Laser microdissection. One half the cerebellum from each mouse was mounted in Tissue-Tek OCT medium (Sakura Finetek) and frozen using liquid nitrogen. Tissue was cut into 20-μm sections and mounted on PEN-Membrane slides (Thermo Fisher Scientific). Mounted tissue was stained using cresyl violet. Subsections of tissue slices were collected using a Leica LMD6500 Laser Dissections Microscope. Isolated tissue samples were transferred to Qiazol lysis buffer (Qiagen) for analysis via RT qPCR and Western blot.
RT-qPCR. One half of each brain region from each mouse was homogenized in 500 μl Trizol (Thermo Fisher Scientific, 15596026). RNA isolation was done per the manufacture’s instructions. cDNA was synthesized in duplicate using 500 ng RNA in 10 μl iScript ADV (172-5038) reactions and then diluted 1:5 in water. qPCR was performed using 2 μl cDNA in 10 μl Roche Probes Master (04707494001) reactions on a Roche 480 Lightcycler. The target gene, mAtxn1, NM_009124 (CACGGTCATTCAGACCACACA, GGTAGCCGATGACAGGAGGTT and probe FAM-CAGCCACGG/ZEN/CCTTCTACGCTGG/3IABKFQ/) and reference gene, Roche mGAPD(05046211001), reactions were amplified in separate wells under cycling conditions: 95°C for 10 seconds, 60°C for 20 seconds for 35 cycles. Cq values were determined using the Roche Second Derivative Max calculation. Relative quantification was done using standard 2Cq.
Immunofluorescence. Mice were deeply anesthetized and transcardially perfused with 10% buffered formalin, and 50-micron sections were cut on a vibratome. Epitopes were unmasked by boiling 3 times for 15 seconds each in 0.01 M urea. The sections were blocked for 1 hour in 2% normal donkey serum, 0.3% Triton X-100 in 1× PBS. After blocking, the sections were incubated for 48 hours at 4°C in blocking buffer with rabbit anti-ASO (1:10,000, Ionis), goat anti-calbindin (1:250, SC-7691, Santa Cruz), and mouse anti-NeuN (1:200, MAB377, Millipore). The sections were washed 4 times in PBS and incubated for 24 hours in blocking solution containing secondary antibody. Donkey secondary Alexa Fluor 488, Cy3, and Alexa Fluor 647 were used at 1:500 (Jackson Immunoresearch). Fluorescent images were scanned using an Olympus Fluoview 1000 IX2 inverted microscope.
Behavioral analyses — rotarod. Mice were tested on the rotarod apparatus (Ugo Basile) using an accelerating protocol: 5–50 rpm, 5-minute ramp duration, 5-minute maximum trial length. The test consisted of a total of 4 trials per day for 4 consecutive days. Mice were habituated to the testing room 15 minutes prior to the start of testing on each day. Animals were segregated by sex during testing and run in consistent groups (up to 5 at a time). To ensure enough recovery time between trials, animals were given 10–15 minutes between the end of a trial and the following trial, which included the time to test the other groups in the trial. Trials ended whenever an animal failed to stay on the rotarod or if they made 2 consecutive rotations clinging to the rod and not ambulating. Animals were returned to their home cages after trial completion. The apparatus was cleaned between each animal group within a trial with a 70% ethanol.

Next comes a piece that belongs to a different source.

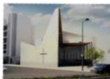
N.D du Lac
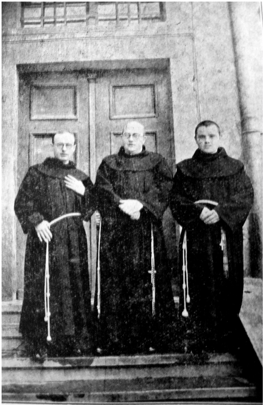
A szatmári rendház tagjai.

Behavioral analyses — beam walk. The beam walk protocol consisted of 3 consecutive training days, followed by 1 test day. The beam walk apparatus was built in-house by the Mouse Behavior Core using wood and plastic components, consisting of beams (of varying sizes and shapes) that extended to a goal box. The apparatus was elevated approximately 50 cm off a table surface. Testing was performed in a dark room with a single light directed at the start position of the beam to encourage crossing to the goal box. Males and females were segregated during testing. Animals were run at approximately the same time every day and habituated to the behavior room for about 15 minutes prior to the start of training. At the start of the first trial of each day, an animal was placed into the goal box for approximately 15–30 seconds to become familiar before beginning the first trial. After familiarization with the goal box, the mouse was brought to the start end of the beam and placed with the nose right behind the “start” line. Beam walk training (using the 15-mm square beam) consisted of 4 trials per day, with a maximum of 60 seconds allowed for an animal to cross. Animals were tested in smaller groups of 4–7 to allow for approximately 5-minute intertrial intervals. Hind paw foot slips and time(s) to cross the beam were recorded by an investigator blind to treatment and genotype. A foot slip was defined as a hind leg and paw coming completely off the beam in a fast downward sweeping motion. Animals that successfully crossed the beam were left in the goal box for approximately 15 seconds while the beam was wiped down with a 70% ethanol solution. The animal was then returned to their home cage until the next trial. The goal platform was cleaned with the ethanol solution after each trial and between animals on the first trial of each day. On the test day, 6 beams of decreasing size (either square or round) and increasing difficulty were used with only 2 trials of each. The beam order on test day was (a) 25 mm (diameter), square; (b) 25 mm, round; (c) 16 mm, square; (d) 19 mm, round; (e) 10 mm, square; and (f) 10 mm, round.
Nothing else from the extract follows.